PyCon DE & PyData 2026

Simplifying RAG Document Pipelines with Multimodal Embeddings
, Ferrum [2nd Floor]

In RAG-based systems, the main challenge is often not tuning the LLM itself, but making documents available in a form that can be retrieved reliably. In enterprise settings, the dominant input format is still PDF, ranging from text-heavy reports to slide decks, scanned documents, and visually dense presentations.

Traditional document processing pipelines rely on OCR and layout analysis to extract text, followed by chunking and embedding. While this works well for text-heavy documents, much of the original structure is often lost—especially for presentations, multi-column layouts, and visually driven content. Images, charts, and diagrams typically require separate processing, increasing pipeline complexity and fragility.

Recent multi-modal embedding models enable a different approach: embedding entire PDF pages directly as images. This preserves layout, visual hierarchy, and embedded graphics in a single representation and significantly simplifies document ingestion.

This talk compares classical OCR-based document processing pipelines with multi-modal page embeddings, drawing on benchmarks conducted on real-world enterprise documents across different models.
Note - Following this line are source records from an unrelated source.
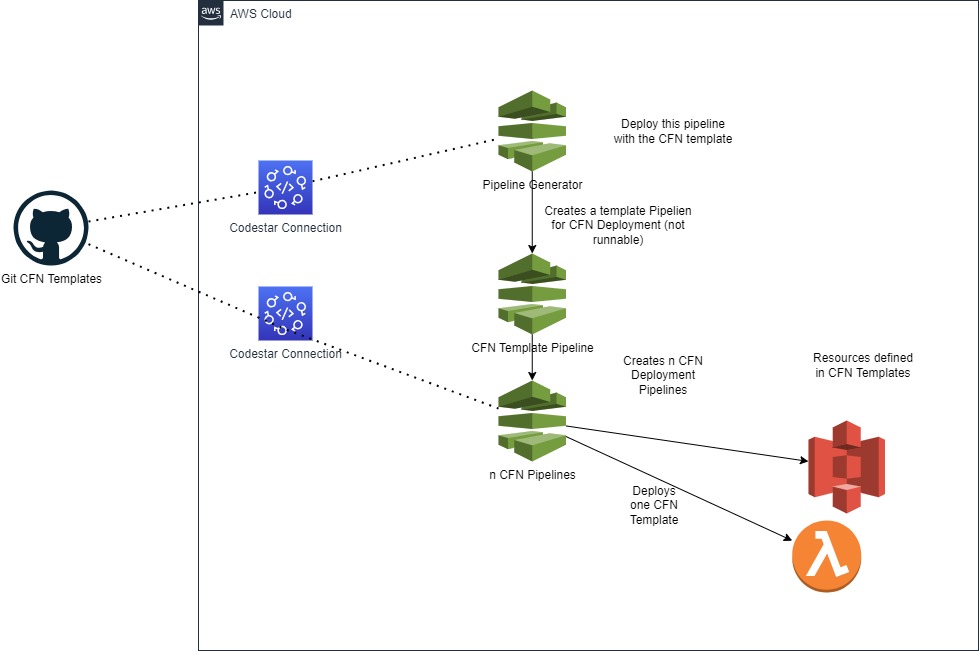 The CloudFormatin Template will create a Pipeline generator pipeline which will create one Pipeline for each Cloudformation template in the cfn-repo.
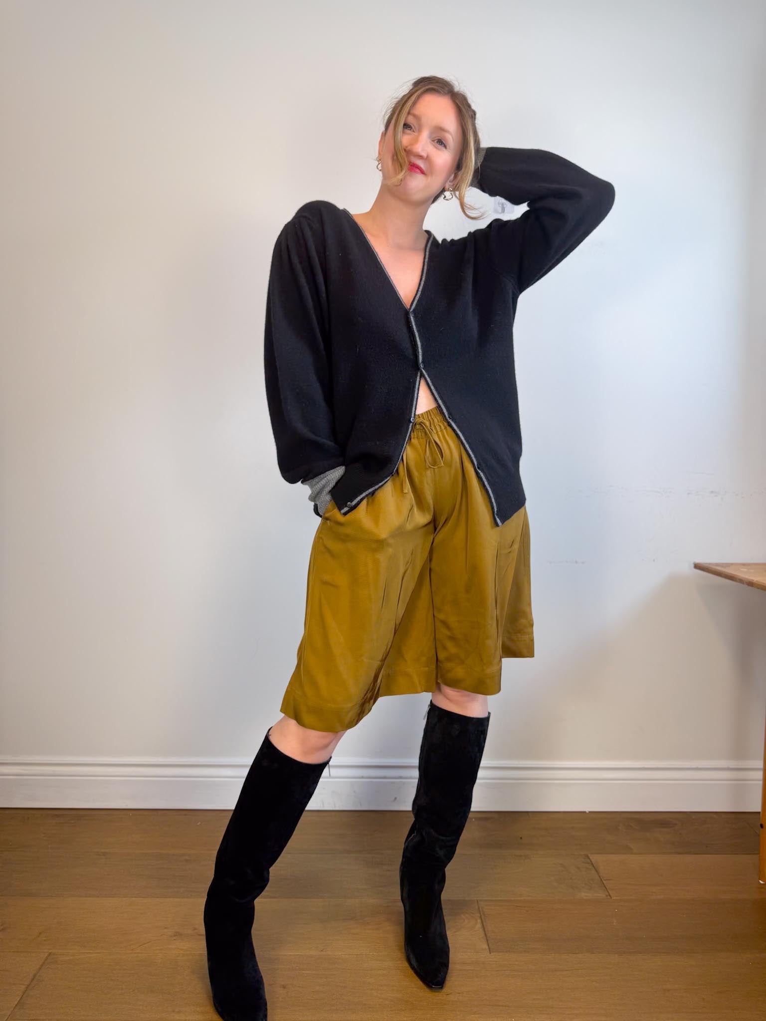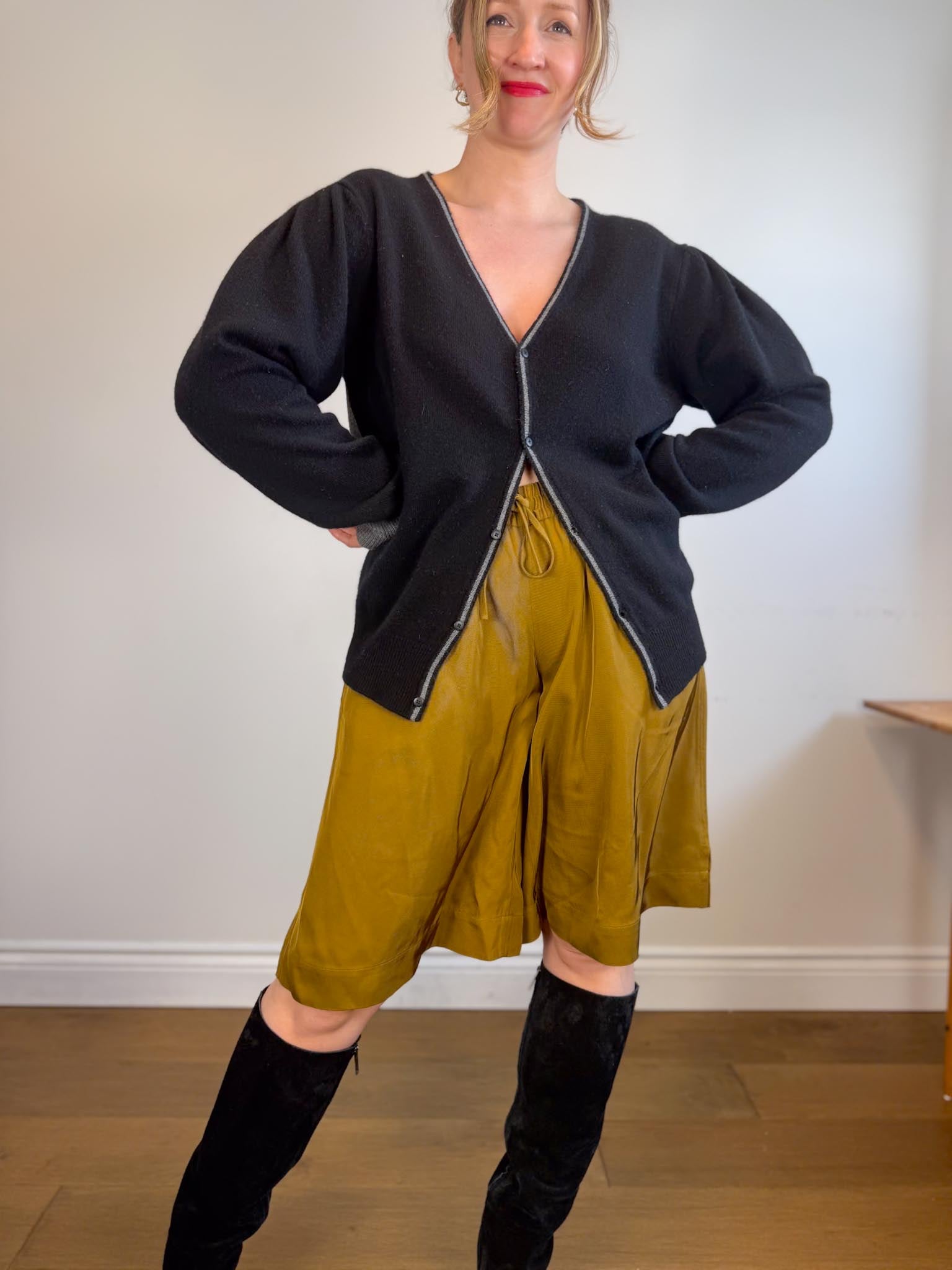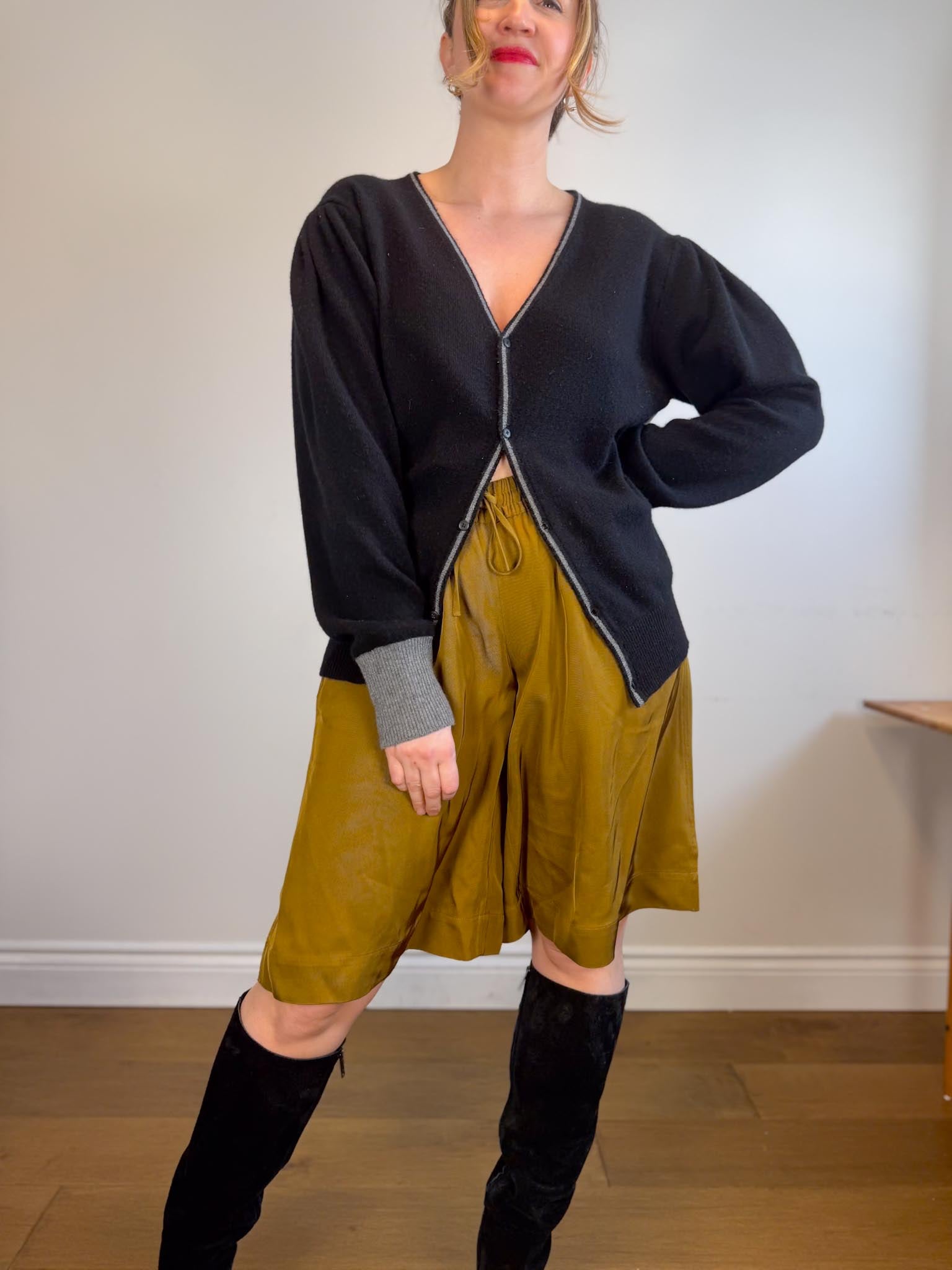 Random Identities Designer Wool & Cashmere Bicolour Cardigan in Black/Grey (Size L)
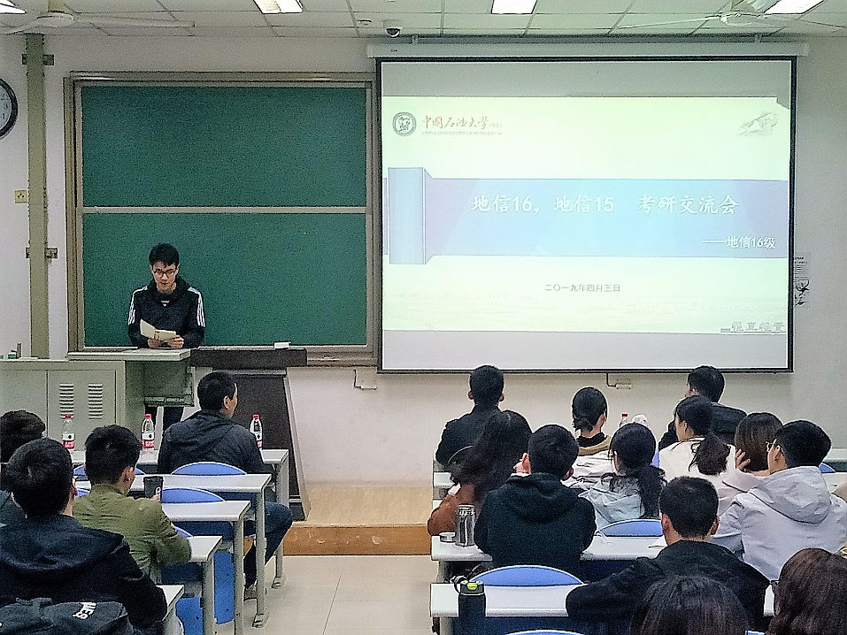 2019年4月3日晚,地信15、16级在南堂117举行了“青春正好,奋力奔跑”为题的考研交流会,地信16级全体学生参加会议,黄丙湖老师、地信15级考研学生代表出席会议。

It highlights where this approach performs well, where its limitations lie, and how to design practical, cost-aware retrieval systems in Python.


This talk provides an overview of how document processing for RAG systems can be simplified using multimodal embeddings, grounded in benchmarks on real-world enterprise documents.

What the talk covers

  1. Motivation: Why RAG Is Still Hard
    Why PDFs remain challenging in enterprise RAG systems, and where current document processing approaches break down—especially for presentations and visually structured documents.

  2. The Classical Approach: PDF → Text → Chunks
    An overview of traditional OCR- and layout-based pipelines, including their strengths, typical failure modes, and why they tend to grow into complex and fragile systems over time.

  3. A New Paradigm: Multimodal Page Embeddings
    How embedding entire PDF pages as images changes the ingestion model, what information is preserved compared to text-only approaches, and what this means for retrieval quality and system simplicity.

  4. Benchmark Setup
    How the benchmark comparing classical pipelines and multimodal page embeddings was designed, using anonymized, real-world enterprise documents across multiple document types. Different models and vendors are referenced only as examples, not as the focus.

  5. Results and Key Findings
    Where multimodal page embeddings outperform text-based pipelines, where they do not, and how hybrid approaches can emerge as a practical solution.

  6. Production Best Practices
    Practical guidance for deploying these approaches in real systems, including index design, quality monitoring, cost control, and how to integrate multimodal retrieval cleanly into Python-based RAG architectures.

Attendees will leave with a clear understanding of when multimodal embeddings are a strong replacement for classical PDF pipelines, and how to reason about the trade-offs involved.


Expected audience expertise in your talk's domain:: Intermediate Expected audience expertise in Python:: Novice

Worked on multi-modal retrieval-augmented generation (RAG) and agentic LLM systems. Designed ingestion and retrieval pipelines across text, video, and structured data to integrate common knowledge platforms such as Microsoft SharePoint. Focused on scalable Azure-based infrastructure, multilingual and multimodal document processing, and continuous evaluation for reliability. Gathered experience in building browser-driven agents using modern orchestration frameworks and MCP integration.